The Goliath birdeater is one of the world’s most recognisable arachnids. Its impressive size allows it to prey on a variety of creatures, including birds, making it the biggest — and possibly the scariest — spider in the world.
But there is more to this Goliath spider than meets the eye.
At nearly one foot wide and weighing six ounces, the Goliath birdeater is the biggest spider on the planet in terms of weight. However, they drop down to second place behind the giant huntsman spider for the honuor if measuring by leg span.
Indeed, the Goliath birdeater (Theraphosa blondi) can easily strike fear in the hearts of those who come upon it. It has a large body covered in barbed hairs known as urticating hairs — which are both intimidating and painful if ever caught on another creature’s skin — and equally enormous fangs.
This giant spider breed makes its home on the dusty forest floor of the rainforest in northern South America. It creates silk-lined burrows under the forest rocks and roots in parts of Venezuela, French Guiana, and Brazil.
When preparing to attack prey or fend off forest predators like the coati, the Goliath birdeater rises on its hind legs to make itself appear even bigger, showing off its long limbs and inch-long fangs.
As part of this intimidation tactic, the Goliath tarantula rubs its hairy legs together — a common technique called stridulation that is used by other spiders, snakes, and insects — to create a hissing noise that can be heard from 15 feet away.

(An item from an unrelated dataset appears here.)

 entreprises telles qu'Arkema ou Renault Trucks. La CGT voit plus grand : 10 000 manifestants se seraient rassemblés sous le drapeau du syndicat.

This leg-rubbing also releases the sharp hairs which stick and cause discomfort when they come into contact with skin, creating the perfect diversion for the giant tarantula to escape an imminent threat.

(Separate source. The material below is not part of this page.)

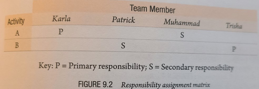 This chart cross-references team members with the activities or work packages they are to accomplish.
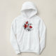 Contour, mechanical crescent moon with gears, decorated with red roses with black spiked stems and leaves on white background. Steampunk

The Goliath birdeater’s name has given the spider a terrifying reputation, but the reality is less scary than it sounds. Although it has the physical ability to prey on birds — and occasionally it does — the so-called Goliath bird-eating tarantula mainly preys on frogs, insects, and rodents.
The Goliath birdeater is nocturnal and typically hunts at night. These fearsome arachnids actually have terrible eyesight so they use the hair on their legs to catch the vibrations from animal activity, be it predator or prey.
These tarantulas are stealthy hunters who wait until a victim is close enough for them to pounce on and trap within their leggy embrace. Their big fangs are strong enough that they can easily slice through flesh, including human skin. As its victim tries to struggle free, the spider releases neurotoxic venom, paralyzing its prey.
Because spiders don’t have teeth, they must liquefy the insides of their prey so they can suck it dry. The Goliath birdeater does this by regurgitating digestive juices onto its victim which breaks down soft tissue, turning the insides into a slurpy concoction. By the time the Goliath tarantula finishes feeding, only bones, skin, and fur remain.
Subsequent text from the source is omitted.